Data records:
■ ■ ■ ■ ■

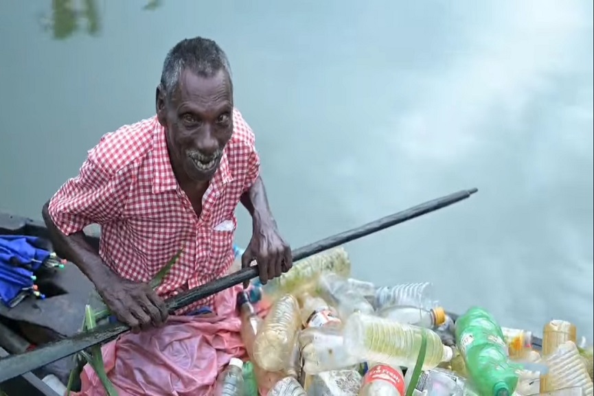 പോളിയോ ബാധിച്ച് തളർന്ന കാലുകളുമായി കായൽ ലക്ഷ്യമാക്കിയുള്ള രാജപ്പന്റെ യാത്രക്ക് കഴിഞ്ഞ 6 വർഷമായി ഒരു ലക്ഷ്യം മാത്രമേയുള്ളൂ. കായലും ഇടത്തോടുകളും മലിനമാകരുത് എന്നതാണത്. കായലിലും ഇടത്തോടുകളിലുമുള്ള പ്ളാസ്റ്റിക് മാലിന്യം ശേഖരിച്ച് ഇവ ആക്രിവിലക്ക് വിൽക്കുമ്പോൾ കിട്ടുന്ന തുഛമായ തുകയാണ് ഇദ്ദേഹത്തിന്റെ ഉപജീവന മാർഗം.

■ ■ ■ ■ ■

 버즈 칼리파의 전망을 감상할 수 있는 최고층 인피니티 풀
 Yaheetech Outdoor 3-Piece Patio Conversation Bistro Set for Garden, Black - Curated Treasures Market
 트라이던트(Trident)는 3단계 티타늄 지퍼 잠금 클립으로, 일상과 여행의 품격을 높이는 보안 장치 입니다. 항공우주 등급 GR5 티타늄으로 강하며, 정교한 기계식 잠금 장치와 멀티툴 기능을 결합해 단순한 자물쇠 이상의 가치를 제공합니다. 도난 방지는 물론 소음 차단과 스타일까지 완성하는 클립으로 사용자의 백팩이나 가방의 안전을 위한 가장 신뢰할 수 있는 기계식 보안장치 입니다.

■ ■ ■ ■ ■

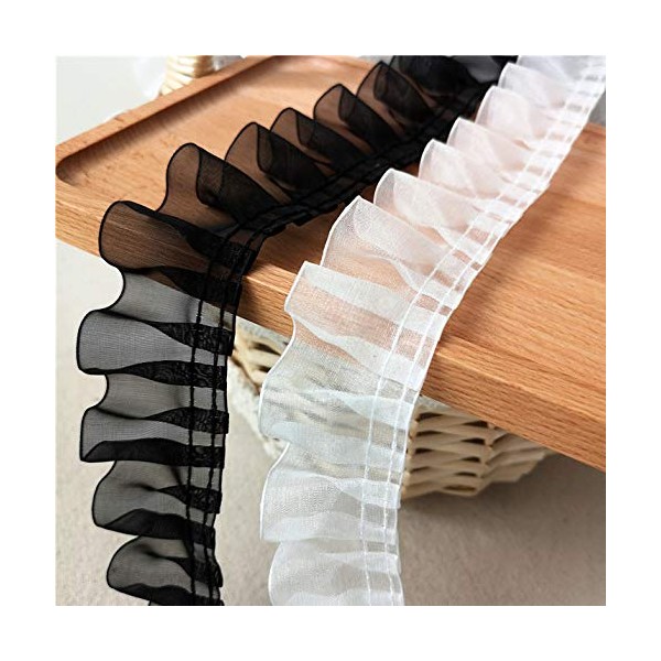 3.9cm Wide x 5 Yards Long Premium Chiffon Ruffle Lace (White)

■ ■ ■ ■ ■

Work instruction:
Using the data above, reproduce exactly the lines between those holding "버즈 칼리파의 전망을 감상할 수 있는 최고층 인피니티 풀" and "트라이던트(Trident)는 3단계 티타늄", inclusive, and no others.

Answer box:
 버즈 칼리파의 전망을 감상할 수 있는 최고층 인피니티 풀
 Yaheetech Outdoor 3-Piece Patio Conversation Bistro Set for Garden, Black - Curated Treasures Market
 트라이던트(Trident)는 3단계 티타늄 지퍼 잠금 클립으로, 일상과 여행의 품격을 높이는 보안 장치 입니다. 항공우주 등급 GR5 티타늄으로 강하며, 정교한 기계식 잠금 장치와 멀티툴 기능을 결합해 단순한 자물쇠 이상의 가치를 제공합니다. 도난 방지는 물론 소음 차단과 스타일까지 완성하는 클립으로 사용자의 백팩이나 가방의 안전을 위한 가장 신뢰할 수 있는 기계식 보안장치 입니다.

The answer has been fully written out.